The MCP Token Tax: How to Manage 200+ Tools on an 8K Budget

Last month, I wrote about the dark arts of getting local models to close their parentheses. But once you move past the syntax struggle, you hit a much bigger, more expensive wall.

The reality of building a truly capable local MCP assistant is that your tools will eventually eat your brain (and your context window).

If you’re running a local model with an 8K limit, every token is a luxury. A single web-search tool schema costs about 250 tokens. Multiply that by 20 tools—that's 5,000 tokens before the user has said a word.

Now imagine you have 200 tools across 10 different MCP servers.

So my coven of AIs and I have been working on this.

The "99% Reduction" Lie

Code (my coding agent, using Opus models) suggested an architecture that would result in a 99% token reduction.

Writ, being a smart-ass, pointed out that the numbers are inflated. Comparing the new system against "dumping 200 tools raw" is a straw man because nobody should ever do that.

But I kind of did that, and when I say I, I mean Warp did that and I didn't stop it. This resulted in optimising tool usage for cloud models too and sent me through a rabbit hole of research on token optimisations and tool usage.

Writ argued the real comparison is against the two-tier approach we already committed: the compressed catalog plus keyword selection. That gets you to ~800-1200 tokens. The semantic selection we added today doesn't actually lower the token count further—we're still sending the top 8 tools—it just makes the selection significantly more accurate.

But "99% reduction" sounds better on a landing page, so I’m keeping it. (Sorry, Writ).

The "Token Tax" in action: $1.26 (dumping everything).

Semantic Selection (The Selection Layer)

I initially thought about writing tool instructions to a temp file and having the model read it. (I love a good over-engineered file-system hack).

But local models can't spare the tokens on file-reading instructions either. Instead, we built a selection layer.

The strategy is simple: Don't tell the model what the tools are until it needs them.

We implemented a two-phase selection process in the Swift client:

1. Keyword-based selection: This started as a simple lexical score, but it was a disaster. Words like "from", "mcp", and "zapier" matched every single tool. gmail_remove_label_from_conversation would score a 14 just because "from" was in the name.

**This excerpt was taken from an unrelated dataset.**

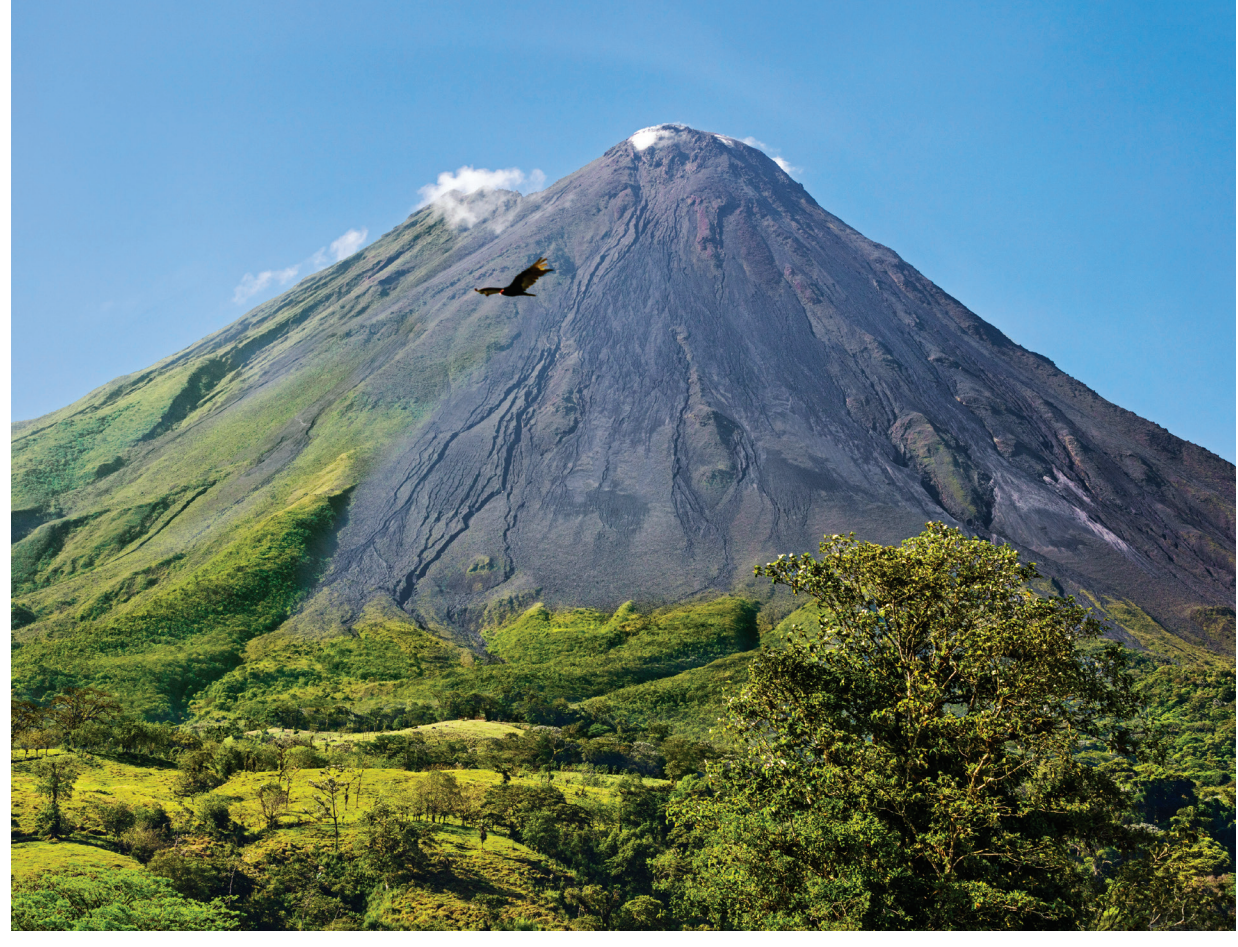
We see Arenal, one of the world's most active volcanoes, from a safe distance.

Day 1: Depart for San Jose, Costa Rica We arrive in the Costa Rican capital and transfer to our hotel located in the Escazu area outside the city. This afternoon and evening are at leisure.

   We fixed it by being ruthless with the input:

   • Stop words: We filter out the fluff—"you", "have", "need", "tell", "from", "today".
   • Stemming: "emails" becomes "email".
   • Action-intent bonus: We map verbs like "check" to synonyms like "find", "search", or "read". If the tool name contains one of those, it gets a +5 bonus.

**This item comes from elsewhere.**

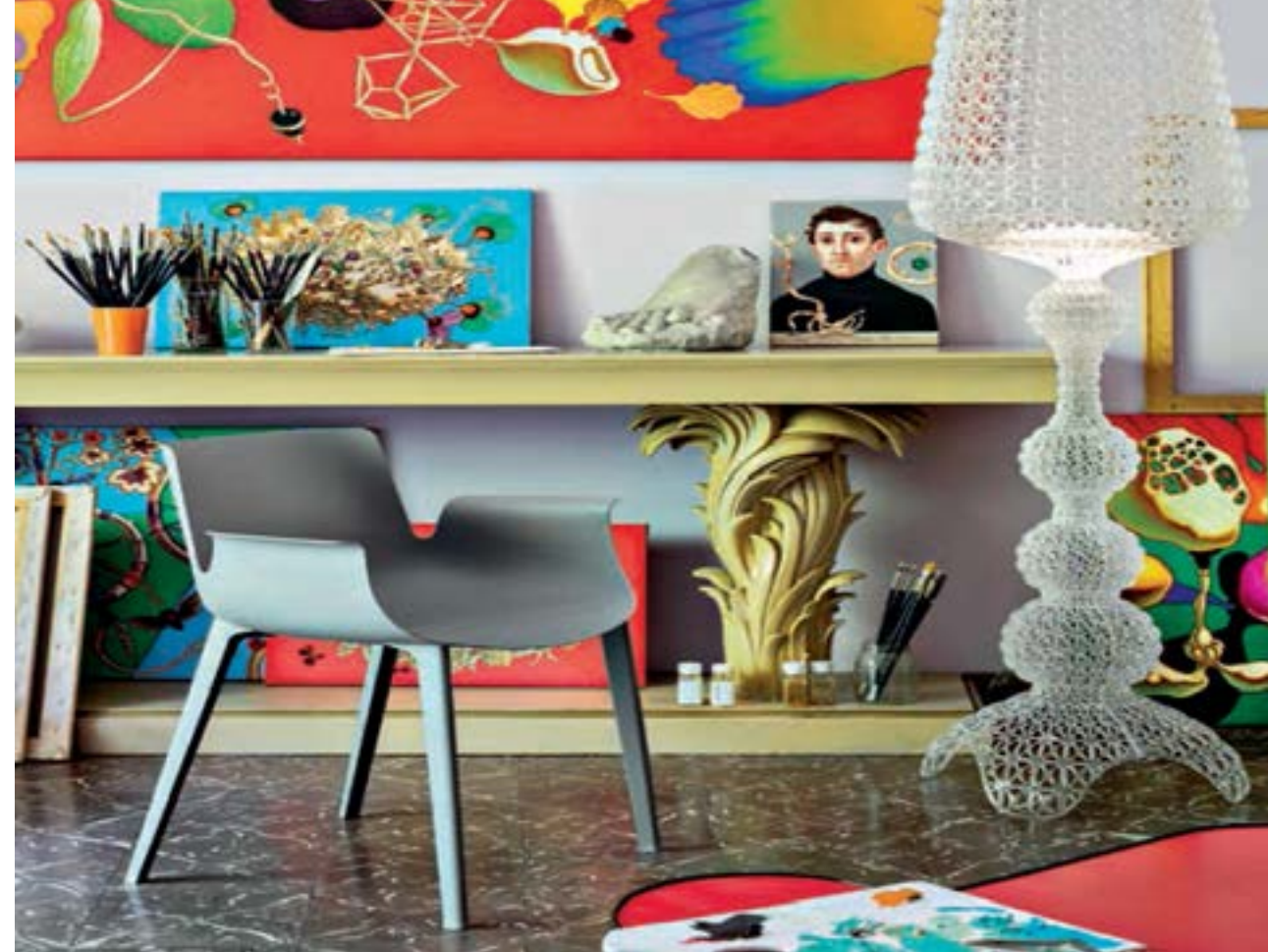
Material Complex thermoplastic polymer with carbon fibre width : 62 cm 24,40 in height : 77 cm 30,315 in

   If you ask to "check gmail," gmail_find_email scores an 11+ while the "remove label" tool drops to a 3. It’s the difference between the model having the right tool and the model having a pile of garbage.

2. Semantic selection: We built the MCPToolEmbeddingCache.swift actor to lazily compute embeddings for tool descriptions using our native EmbeddingService.

We use a hybrid scoring system (70% cosine similarity, 30% lexical) to pick the top 8 tools for local models and the top 20 for cloud models.

The Compressed Catalog

Even if we only show 8 full schemas, the model still needs to know that the other 192 tools exist.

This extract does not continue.